- Exercise
Repeat the data exactly. Pictures stay out.

- The data
· · · · · · ·

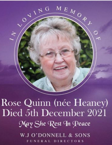 QUINN (née Heaney) Rose (3 Ballydugennan Villas, Toomebridge) Die don 5th December 2021, peacefully at hospital.
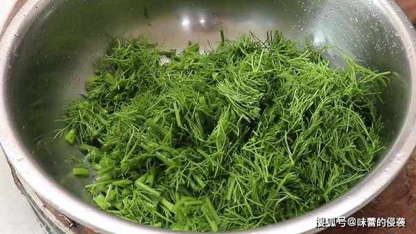 9、大家也可以将茴香菜切碎,放点蒜蓉酱进去伴着吃,超级下饭。
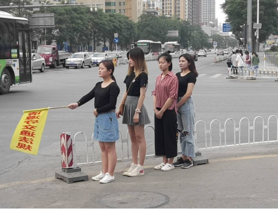 在指挥交通活动开展期间,每周六、日下午,在东风桥、小蜜蜂两个路口及火车站、保百大楼、七一路一带,都能看到我们志愿者的身影,在志愿服务活动中,志愿者们头戴志愿服务帽子,手执文明交通指挥旗,面带笑容,主动热情,认真履行职责,积极引导行人遵守交通规则。
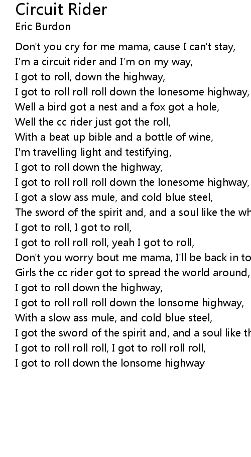 I'm a circuit rider and I'm on my way, |

· · · · · · ·

- Answer
 QUINN (née Heaney) Rose (3 Ballydugennan Villas, Toomebridge) Die don 5th December 2021, peacefully at hospital.
 9、大家也可以将茴香菜切碎,放点蒜蓉酱进去伴着吃,超级下饭。
 在指挥交通活动开展期间,每周六、日下午,在东风桥、小蜜蜂两个路口及火车站、保百大楼、七一路一带,都能看到我们志愿者的身影,在志愿服务活动中,志愿者们头戴志愿服务帽子,手执文明交通指挥旗,面带笑容,主动热情,认真履行职责,积极引导行人遵守交通规则。
 I'm a circuit rider and I'm on my way, |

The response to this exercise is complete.